### Excerpted data
+ + +

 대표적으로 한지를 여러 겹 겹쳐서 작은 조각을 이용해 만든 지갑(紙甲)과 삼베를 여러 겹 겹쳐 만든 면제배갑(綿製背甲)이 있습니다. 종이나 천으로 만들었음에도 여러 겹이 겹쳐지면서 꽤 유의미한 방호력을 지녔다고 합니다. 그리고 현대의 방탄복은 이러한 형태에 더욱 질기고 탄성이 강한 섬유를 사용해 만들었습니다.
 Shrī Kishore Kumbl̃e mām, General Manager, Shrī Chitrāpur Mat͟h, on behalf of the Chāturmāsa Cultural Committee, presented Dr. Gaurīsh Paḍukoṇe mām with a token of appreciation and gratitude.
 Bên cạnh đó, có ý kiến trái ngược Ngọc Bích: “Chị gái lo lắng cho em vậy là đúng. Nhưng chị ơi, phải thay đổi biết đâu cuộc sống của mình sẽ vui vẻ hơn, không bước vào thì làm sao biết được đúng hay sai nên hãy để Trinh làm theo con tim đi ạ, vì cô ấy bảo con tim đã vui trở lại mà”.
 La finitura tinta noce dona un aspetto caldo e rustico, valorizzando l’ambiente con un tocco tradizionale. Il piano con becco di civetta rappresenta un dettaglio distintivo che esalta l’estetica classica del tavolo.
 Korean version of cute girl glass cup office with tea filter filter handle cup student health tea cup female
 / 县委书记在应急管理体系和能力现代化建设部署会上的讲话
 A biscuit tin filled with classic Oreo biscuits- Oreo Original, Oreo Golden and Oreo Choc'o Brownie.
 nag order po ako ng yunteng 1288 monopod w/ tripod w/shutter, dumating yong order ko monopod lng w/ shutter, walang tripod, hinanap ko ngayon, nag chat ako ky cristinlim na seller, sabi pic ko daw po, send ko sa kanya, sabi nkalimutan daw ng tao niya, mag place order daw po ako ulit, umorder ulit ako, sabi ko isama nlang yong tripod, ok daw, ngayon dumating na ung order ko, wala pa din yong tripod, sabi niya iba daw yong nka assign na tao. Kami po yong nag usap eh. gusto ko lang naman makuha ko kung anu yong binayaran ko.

+ + +

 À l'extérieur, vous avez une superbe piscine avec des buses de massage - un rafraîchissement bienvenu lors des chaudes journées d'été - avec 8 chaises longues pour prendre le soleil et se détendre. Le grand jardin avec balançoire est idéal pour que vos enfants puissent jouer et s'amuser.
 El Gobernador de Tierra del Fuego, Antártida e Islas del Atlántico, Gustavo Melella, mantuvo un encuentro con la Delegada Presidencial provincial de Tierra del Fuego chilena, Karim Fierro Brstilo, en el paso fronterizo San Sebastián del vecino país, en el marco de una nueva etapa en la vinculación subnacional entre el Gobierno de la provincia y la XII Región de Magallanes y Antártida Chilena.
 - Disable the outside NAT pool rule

+ + +

### Exercise requirements
Where the word "with" appears in a line of the entries, copy that line.

### Task result
 Shrī Kishore Kumbl̃e mām, General Manager, Shrī Chitrāpur Mat͟h, on behalf of the Chāturmāsa Cultural Committee, presented Dr. Gaurīsh Paḍukoṇe mām with a token of appreciation and gratitude.
 Korean version of cute girl glass cup office with tea filter filter handle cup student health tea cup female
 A biscuit tin filled with classic Oreo biscuits- Oreo Original, Oreo Golden and Oreo Choc'o Brownie.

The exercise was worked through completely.